Tuesday, March 2, 2010

48. REVENGE OF THE TURNSTILE

Mom and I are at the subway station. I swipe the Metro Card, thinking Mom will go through the turnstile. Instead she stands there, wearing my puffy H&M jacket that makes me look like a deformed Spice Girl but she looks like she’s drowning in a pink sleeping bag.

“Uhm, Mom, when the green GO light comes on and dings, you go,” I explain and point at the turnstile. “Okay,” she says. I re-swipe and she still stands there. “What are you doing?” I ask. Didn’t I just explain this to her? “Oh,” she replies. From yesterday’s post we established that she is barely large enough for theme park rides, so she is not too fat to fit through the turnstile. Another reason why Mom will never appreciate the ride I took down Cabbage Diet Drive, Atkins Avenue and Weight Watchers Way. “Mom, listen for the ding,” I suggest and swipe. Again Mom does not move.

My parents have the innate ability to stretch dollars into directions I never knew money could bend. After the Partition of India and Pakistan my parents survived grain rations, water shortages, and dinnerless nights. They regularly remind my brother and me that they barely had two shirts. So you can forget about the comfort of air conditioning for those sweltering monsoon months. On more than one occasion I have been told about my maternal grandmother’s daily trek to the Old Delhi Railway Station to collect coal from passing trains so she could cook food, if she had enough, to feed her four kids. I often reflect that the American government should hire my parents; we’d be out of debt in no time. So the fact that I have wasted $8 dollars swiping in vain is so irritating I could spit.

“Did you NOT hear the ding?” I demand. A sharpness forms around the edges of my patience. “Do you know how much money I am wasting?

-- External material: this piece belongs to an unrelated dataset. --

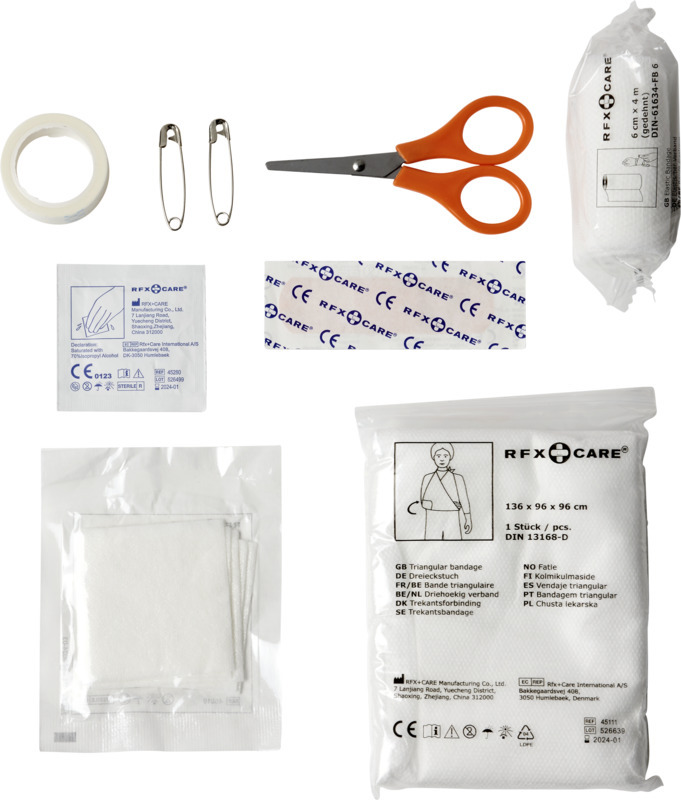 В чехле из ЭВА находятся 4 спиртовых тампона, 1 нетканая салфетка, 5 пластырей, 1 бумажная лента, 1 повязка, ножницы, 2 булавки и 1 треугольная повязка. Соответствует стандарту EN13485. EVA Plastic.

We could have had two lattes from Starbucks while you just stood there.” The wounded look in Mom’s eyes forces me look away. Damn me! Mom’s hearing is tolerable under normal circumstances, but becomes challenged in the loud subway station.

“I have an idea,” I suggest. I step behind Mom, swipe the card, YET again, and shove her, yes, shove her through the turnstile. A passing woman glares at me. I shrug. I know. I must look like a bully manhandling a teeny Indian woman in an over-sized puffer. We have yet to locate a coat that fits her and we frequent the Macy’s kids’ section all the time. But I feel Mom is too old to wear a purple Barney jacket.

We step onto the double-long escalator and begin the 200-foot descent to the subway platform. Mom turns to me and says, “Let’s do that every time. I stand and you push me.”

3 comments:

101 Bad Desi Dates said...

Dear Anonymous ... OMG! I wish I had video!

Anonymous said...

This reminds me of taking my mom through an escalator. She wants to step on exact the step where I step and she will miss it.

101 Bad Desi Dates said...

Dear Anonymous ... I totally get it. My mom likes to get the same things I get too. Once I bought a vase from Pier One and she made me go out and buy two for her! God bless her she is the best! I have some other good stories to come. My brother thinks we spend too much time together :)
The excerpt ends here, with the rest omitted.